§ **Information shown**
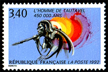 Frankreich 1992 DIe Funde aus der Arago-Höhle bei Tautavel ( 19 km NW of Perpignan), seit 1960 ausgegraben, werden zu den Vor-Neandertalern gestellt.
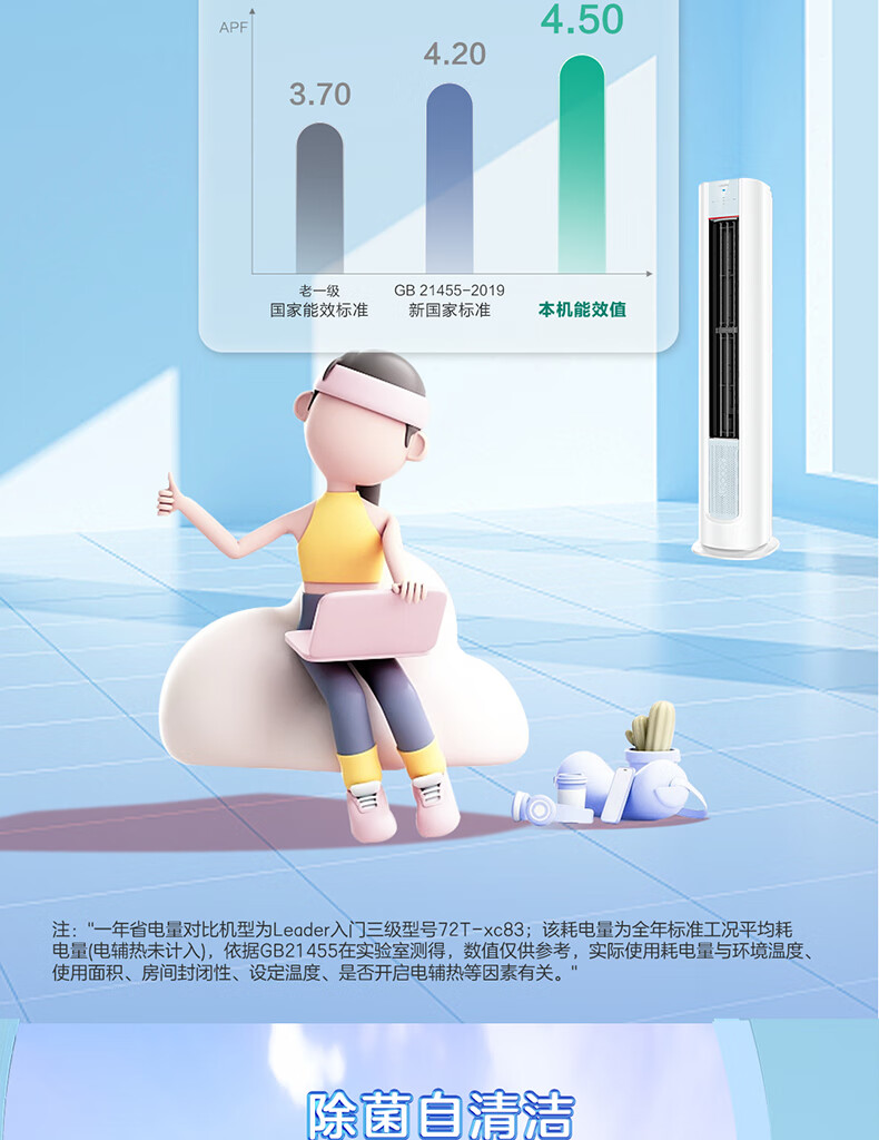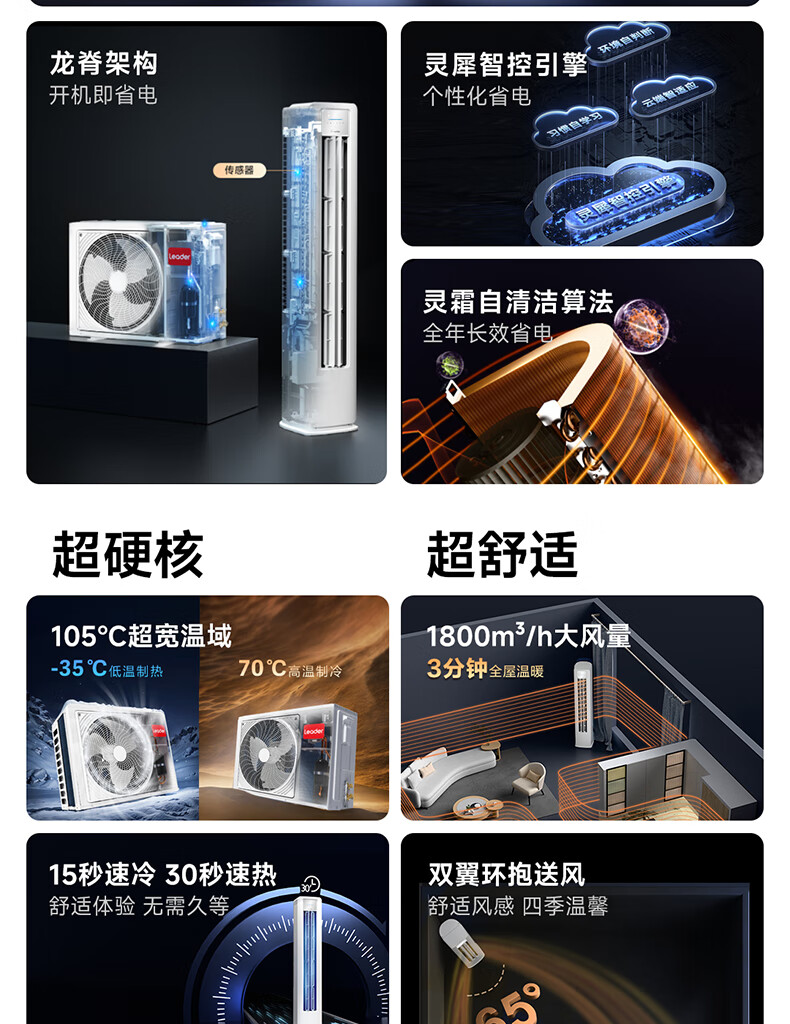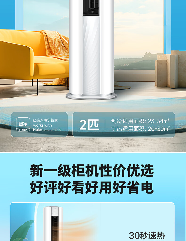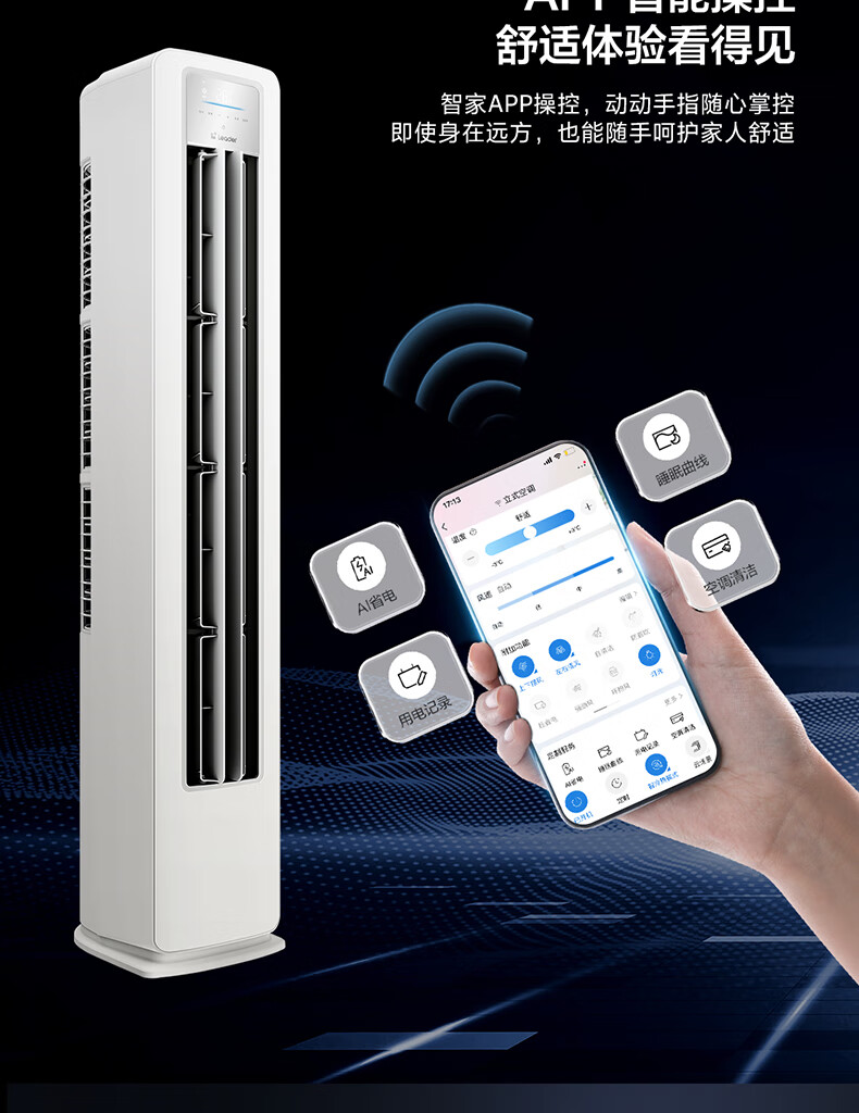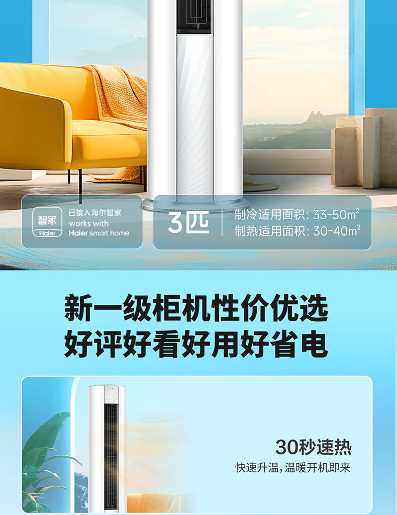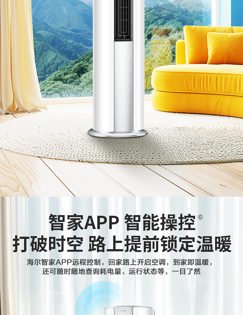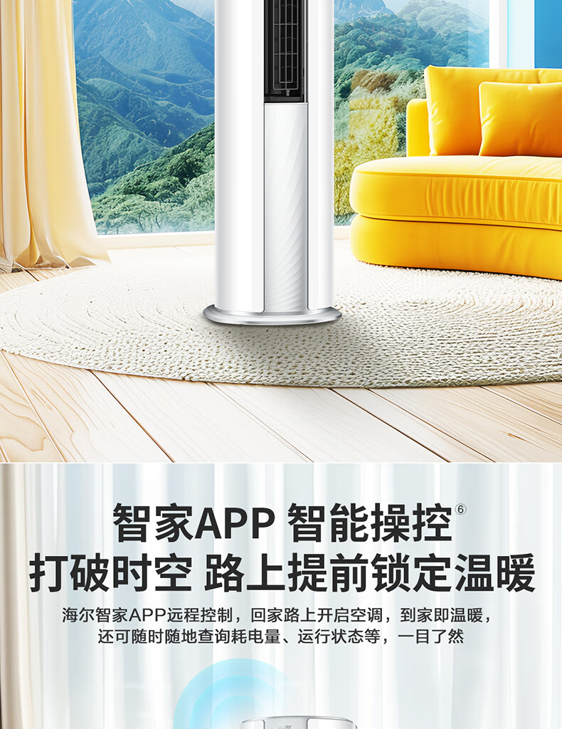 Leader Haier Smart Home produces air conditioner frequency conversion first-level energy efficiency healthy self-cleaning one-click WiFi intelligent control home heating and cooling living room cabinet air conditioner first-level energy efficiency AI power-saving self-cleaning large air volume cabinet air conditioner 3 HP
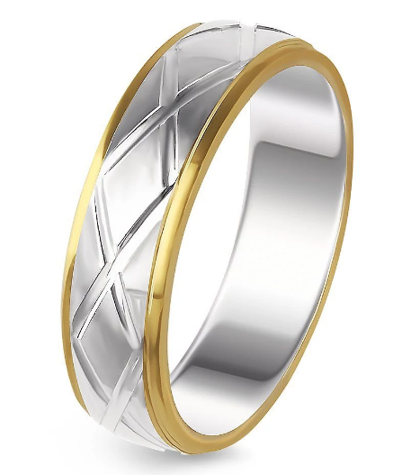 Второй вариант это обручальное кольцо из серебра 925 пробы с красивой узорчатой ресьбой и золотыми вставками по краям. Выглядит очень эффектно! Покрытие тут Золочение+родирование. На него сейчас тоже хорошая скидка, стоит всего 2 317 рублей. На пальце выглядит аккуратно, но заметно.

§ **Requirement**
Could you return the listing above exactly, minus its pictures?

§ **Answer to this exercise**
 Frankreich 1992 DIe Funde aus der Arago-Höhle bei Tautavel ( 19 km NW of Perpignan), seit 1960 ausgegraben, werden zu den Vor-Neandertalern gestellt.
 Leader Haier Smart Home produces air conditioner frequency conversion first-level energy efficiency healthy self-cleaning one-click WiFi intelligent control home heating and cooling living room cabinet air conditioner first-level energy efficiency AI power-saving self-cleaning large air volume cabinet air conditioner 3 HP
 Второй вариант это обручальное кольцо из серебра 925 пробы с красивой узорчатой ресьбой и золотыми вставками по краям. Выглядит очень эффектно! Покрытие тут Золочение+родирование. На него сейчас тоже хорошая скидка, стоит всего 2 317 рублей. На пальце выглядит аккуратно, но заметно.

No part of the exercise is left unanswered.